A menudo es la pereza y la timidez las que nos mantienen en nuestro deber, mientras que la virtud recibe todo el crédito.
Sólo los pobres pagan en efectivo, y no por virtud, sino porque se negaron a conceder crédito.
Hay tantas actitudes frente a la cocina, ya que hay personas que cocinar, por supuesto, pero creo que los chicos tienden cocina - Soy culpable aquí - para tener u obtener el crédito excesivo para la virtud doméstica, cuando en verdad es la cocina más indolora y, en sus formas, ostentosa de las tareas domésticas.
Quien rápidamente pide prestado y disminuye el pago de su crédito no es nada, alguna vez lo gay.
El hombre conoció el amor e inventó el matrimonio. La mujer conoció el matrimonio e inventó la tarjeta de crédito.
Probablemente debería tener una marca, pero creo que no se puede conseguir a los mejores artistas para trabajar para usted si usted está de marca. Me sale el trade-off, y realmente me gustaría ser más famoso por mi trabajo, obtener más crédito por mis logros.
Muy a menudo puedo estar en una librería, de pie frente a un gran cartel con mi foto y pagar por un libro con una tarjeta de crédito claramente marcada con mi nombre, John Grisham, pero nadie me reconoce. A menudo digo que soy un autor famoso en un país donde nadie lee.
Cuando tienes 23 o 24 años y alguien te da una tarjeta de crédito, aviones y limusinas, y no tienes que pagar la cuenta, eso es un muy buen trato.
El único crédito que les puedo dar. Se sincronizan de maravilla. Eso es todo. Se sincronizan muy bien — lo que hubiera pensado que en realidad estaban actuando, pero estaban sincronizando todo el tiempo, y eso es un trabajo duro.
Elvis merece mucho crédito por llevar el blues a la clase media estadounidense, no las cosas de Las Vegas. Sus primeros discos, The Sun Records, y los primeros registros de RCA. Fue maravilloso, él tenía el poder, la unidad, y estaba tan dedicado a su música.
Es una cosa maravillosa ver un segmento de nuestra población que está abierta y con ganas de aprender más sobre la cultura china.
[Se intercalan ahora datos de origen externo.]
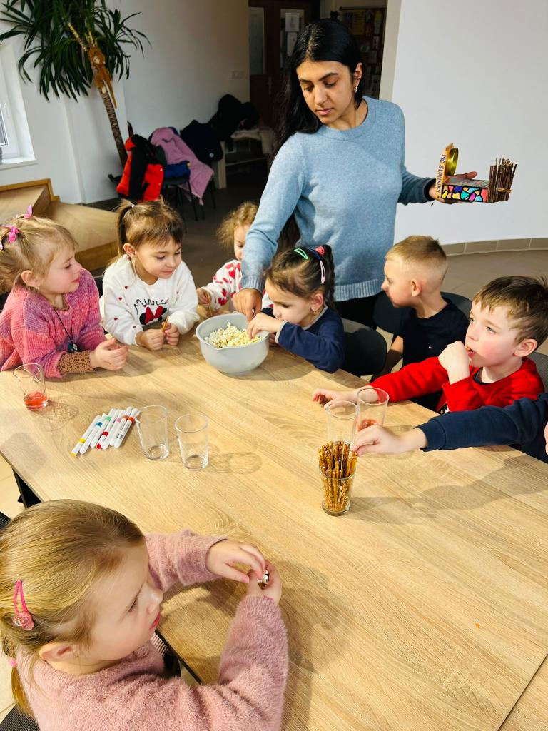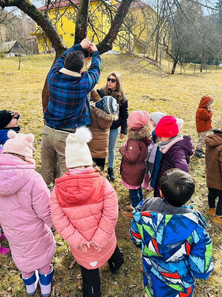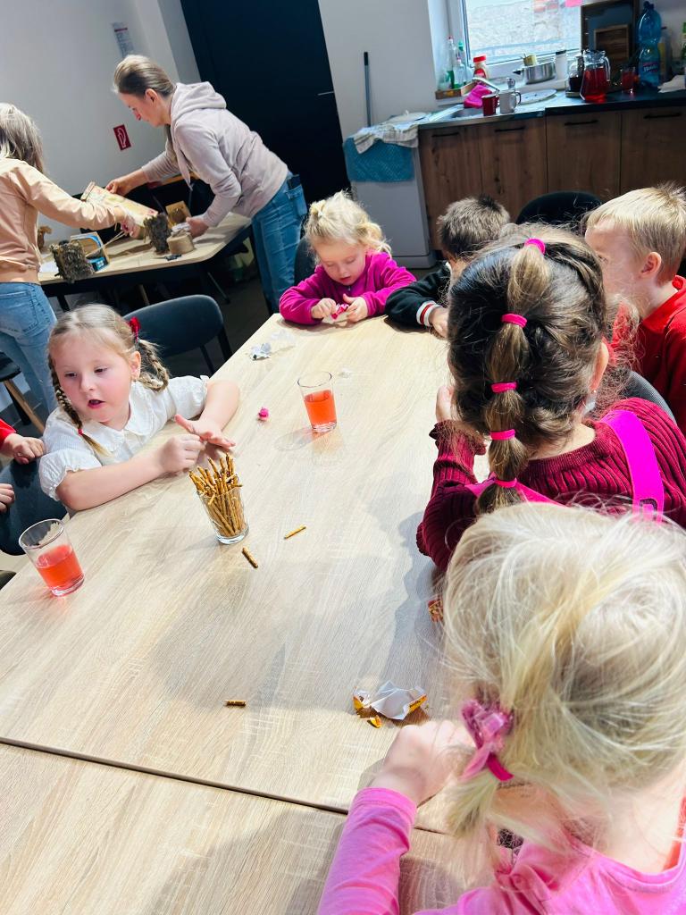 Dnes sme uvoľnili priestory našej materskej školy, aby sa naši budúci školáci mohli v pokoji a sústredene venovať úlohám v rámci školskej spôsobilosti. My ostatní sme sa medzitým vybrali do komunitného centra, kde nás čakal krásny program. Keďže sa tento týždeň venujeme poznávaniu vlastností materiálov, teta Emka, teta Vierka a ujo Peter si pre nás pripravili drevené vtáčie búdky, ktoré sme si spoločne vyzdobili. Deti mali možnosť pracovať s drevom, pozorovať jeho vlastnosti a zároveň rozvíjať svoju kreativitu. Atmosféra bola výborná, čakalo nás milé pohostenie a rozprávka, ktorá deti veľmi zaujala. Na záver nás teta Emka a ujo Peťo odprevadili späť a cestou do škôlky sme si v obci zavesili naše hotové búdky, ktoré budú robiť radosť nielen nám, ale aj vtáčikom. Zo srdca ďakujeme za krásne dopoludnie, príjemnú atmosféru a ochotu venovať sa našim deťom. Veľmi si to vážime.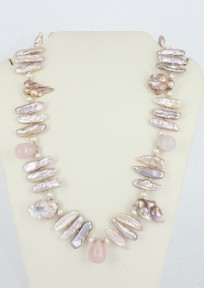 alternating rough and ovoid pink pearls with pear shaped Rose Quartz beads. Length 55cm. -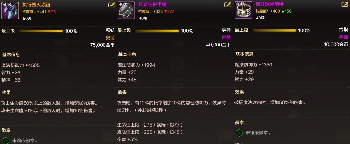 「首飾」比較標準的畢業3件套是“正義手鐲+執行毀滅項鍊+黑珍珠”。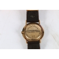 Gents 9ct gold Longines wristwatch, (Cal 19.5), subsidiary dial, applied baton markers and replacement leather strap. Box present.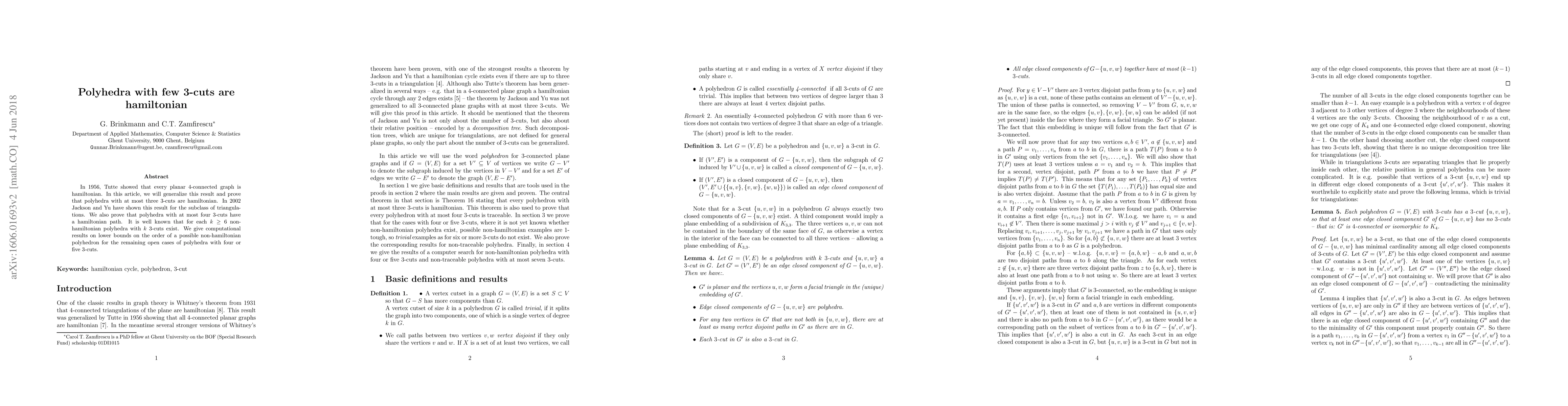 In 1956, Tutte showed that every planar 4-connected graph is hamiltonian. In this article, we will generalize this result and prove that polyhedra with at most three 3-cuts are hamiltonian. In 2002 Jackson and Yu have shown this result for the subclass of triangulations. We also prove that polyhedra with at most four 3-cuts have a hamiltonian path. It is well known that for each $k \ge 6$ non-hamiltonian polyhedra with $k$ 3-cuts exist. We give computational results on lower bounds on the order of a possible non-hamiltonian polyhedron for the remaining open cases of polyhedra with four or five 3-cuts.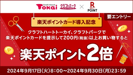藤久株式会社(以下「藤久」)と楽天ペイメント株式会社(以下「楽天ペイメント」)は、藤久が運営する「クラフトハートトーカイ」「クラフトパーク」全店において、2024年9月17日(火)より共通ポイントサービス「楽天ポイントカード」が利用可能になることをお知らせします。本サービスが導入されるのは、手芸専門店業態においては今回が初めてです(注1)。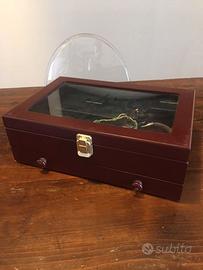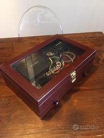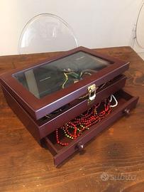 Cofanetto portagioielli Originale Nuovo. In vero legno, perfettamente conservato. Dimensioni 30 cm per 20 cm per 10 cm di altezza. Il cassetto è alto 3,5 cm. Un portagioielli capiente e resistente, in cui custodire preziosi o altro. Comodissimo da utilizzare, bello da esporre e da possedere o da regalare. Utile e raffinato. Un pezzo unico. Introvabile. Bellissimo.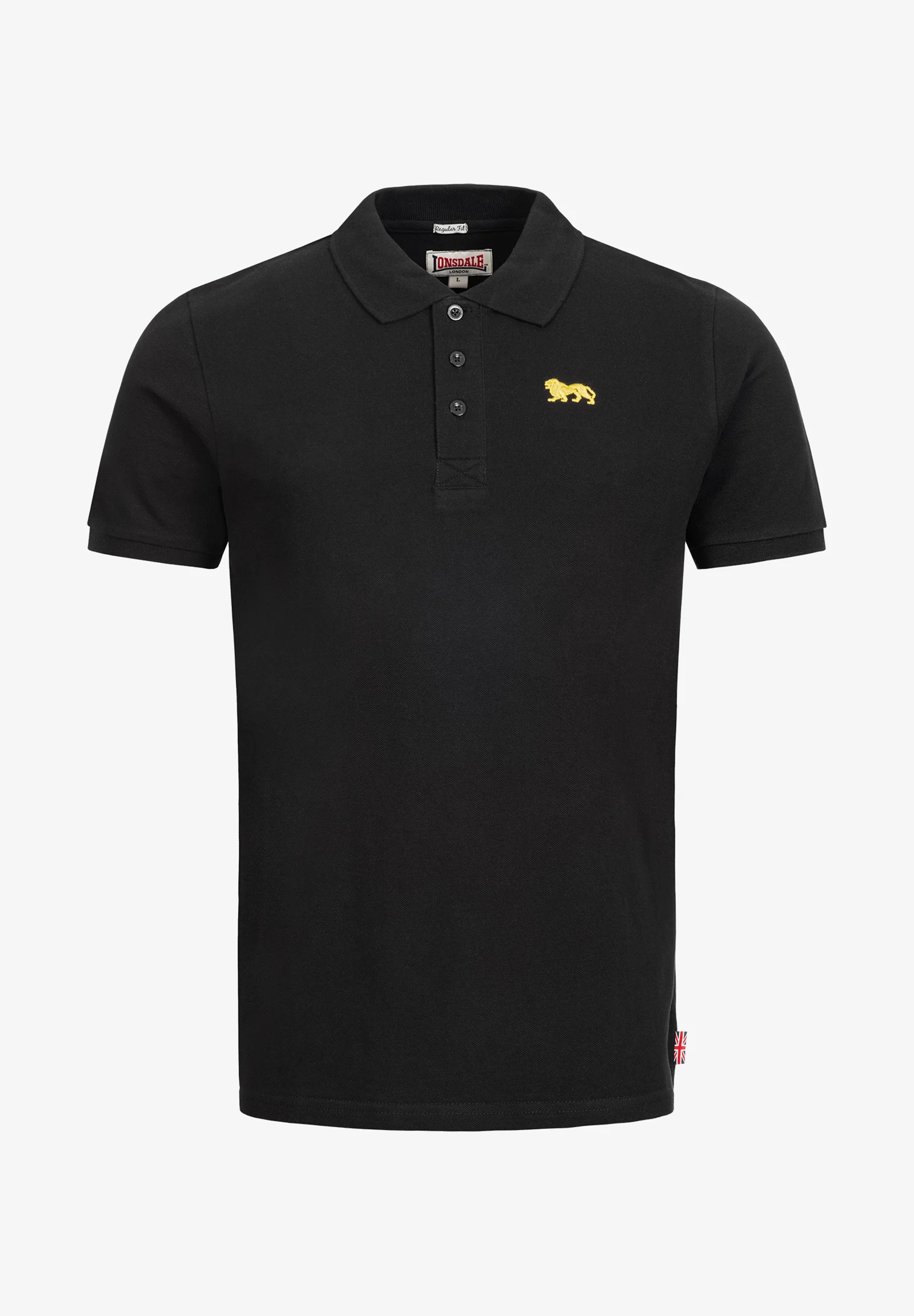 Polo Lonsdale de color negro con león bordado en color amarillo en el pecho. Ajuste Regular Fit con cierre de 3 botones.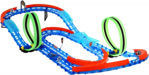 | | Velika proga z dvema zankama je primerna za otroke od 3 let dalje. Igrača je napajana z baterijo tipa 1 x 3,7 V – avtomobilček (priloženo v paketu) in baterijami tipa 2 x AAA – daljinski upravljalnik (niso priložene). Proga je fluorescenčna, v temi sveti. Avtomobilček ima LED osvetlitev, vožnja ustvarja osupljive učinke. Uživajte v zabavi. | |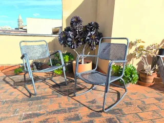 Conjunto de dos mecedoras de estilo vintage, perfectas para dar un toque especial a tu terraza o jardín. Su diseño atemporal las hace ideales para cualquier espacio exterior. - Estructura robusta de metal. - Asiento y respaldo de malla metálica. - Diseño curvo para un balanceo suave.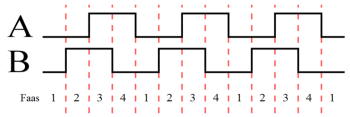 Võlli pöörlemissuuna kindlakstegemiseks on vaja lisada teine optopaar. Kui optopaarid on asetatud nii, et tekiks 90 kraadine faasinihe nende signaalide vahel on tegemist kvadratuur väljunditega. Optopaaride signaalide olekudiagramm on toodud juuresoleval pildil, kus optopaaride väljundeid on tähistatud A ja B. Väljundid loetakse tarkvaraliselt, tavaliselt katkestuste vahendusel, mis genereeritakse signaali tõusva või langeva frondi korral. Pöörlemissuuna saab määrata väljundkoodide võrdlemise abil. Näiteks, kui viimane väärtus on 00 ja uus väärtus 01, siis võll on pöördunud ühe poolsammu võrra kellaosuti liikumise suunas.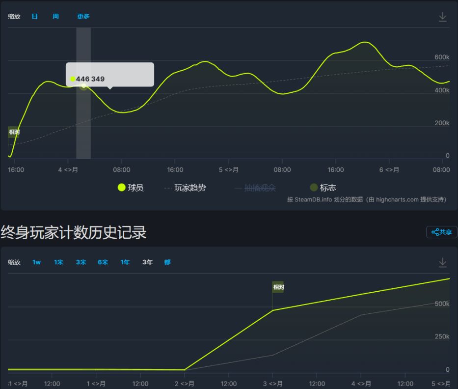 《博德之門3》最高71w人同時在線,歷史在線人數是第九位,僅次於《霍格沃茨之遺》,最近13小時峯值爲71w人,而且在線人數還有上漲的趨勢。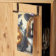Cette serviette de cuisine pour Halloween présente une photo adorable d'un chien déguisé en sorcière, avec chauves-souris et citrouilles. Le message sur la serviette dit, "Happy Halloween", une excellente façon de décorer pour la fête! Un trivet et un hot pad sont également disponibles dans le même design.

Se ha filtrado en la corriente principal. Usted ve los anuncios de tarjetas de crédito en la televisión con parejas blancas y bebés chinos.
Estoy definitivamente culpable de pensar que algo es divertido, pero de no pensar que el público lo será. Luego, tres años más tarde, finalmente lo pruebo y me mata. Tengo que darles más crédito.
No creo que he conseguido el crédito apropiado por ser inteligente sobre el juego.
Dale a tu hijo un poco de crédito por ser inteligente - sólo porque leen acerca de algo no significa que lo harán.
En los últimos años, he sido más selectivo, aunque no tengo derecho a serlo, pero creo que finalmente está empezando a trabajar a mi favor. Creo que le doy demasiado crédito por hacer lo que las personas consideran decisiones inteligentes, pero es solo porque tomé la decisión de dejar de preocuparme por ganar dinero.